Enfin, va encore y avoir du crétin sur planche. Une fois de plus, après avoir eu les jambes engourdies durant ces derniers mois, tous les Roger et les Jean Patrick vont se faire leur petit schuss du 1er jour à peine mis la chaussure dans la neige, les jambes vont tremblées à l'arrivée de la première descente et tout va se terminer par un arrêt catastrophe dans un gros touriste allemand ...mais là tout va encore pour le mieux ...

2è jour, déjeuner au resto d'altitude, nom donné à
l'infâme bouiboui de la station, qui propose la
saucisse frites la plus chère du monde, à 42 euros
sans le ketchup ... tandis que les p'tits vins chauds
ravivent les corps avant de reprendre la glissade et
là, les mollets trop sollicités le matin, voire la
veille, ont gonflé et refusent le retour de la
fixation de la chaussure de ski ... Du coup on fait
quoi ? Et bien, le Jean Pat force, force et continue
à forcer pour encore une partie de glisse avec le
ventre lourd, la tête qui tourne et les mollets
écrasés, sans compter les crétins de jeunes faisant
partis de sa famille toujours à le perturber.

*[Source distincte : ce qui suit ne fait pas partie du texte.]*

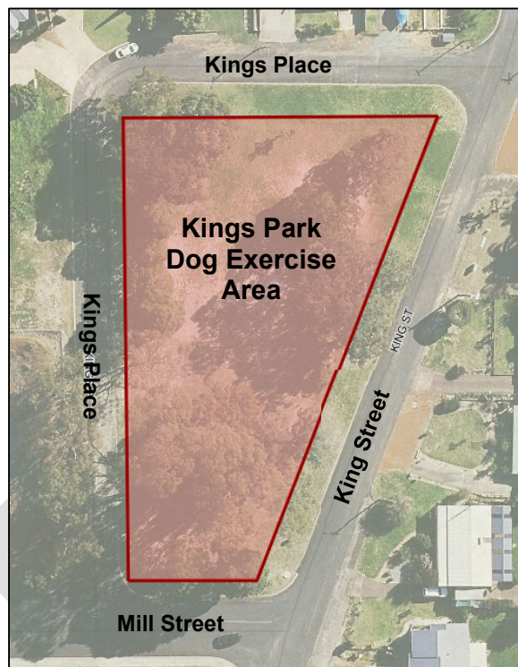
Image 3. Kings Park, Waroona

Pour relancer, rien de tel que de se faire la piste
noire, pour montrer à ces jeunes couillus, que le
vieux n'est pas mort ...et là , patatra Merdeuuuhhhh,
c'est l'accident par manque de lucidité, en arrivant
tout droit à 90 km/h sur un sapin planté à 100 mètres
des pistes !!!
"Manque de lucidité" C'est donc ce que lui indiquera
l'un des secouristes qui le redescendra en chasse
neige vers la station, c'est aussi ce que lui dira le
médecin en regardant la radio de son genou
fracturé...et c'est aussi, enfin, ce que dira sa
femme, qui rajoutera peut être en guise de
compassion, cette phrase :"Pôvre con ..."
Mais rien n'empêchera notre Jean Pat à l'issu de ce
contretemps, d'aller au resto tous les soirs pour une
bonne fondue avec moultes vins blancs, ni de se faire
bronzer au pied des pistes toujours en se désaltérant
au vin chaud, ni encore de mâter de la skieuse
suisse... durant tout le reste du séjour et
convalescence.
Comme quoi le ski, c'est que pour les cons ....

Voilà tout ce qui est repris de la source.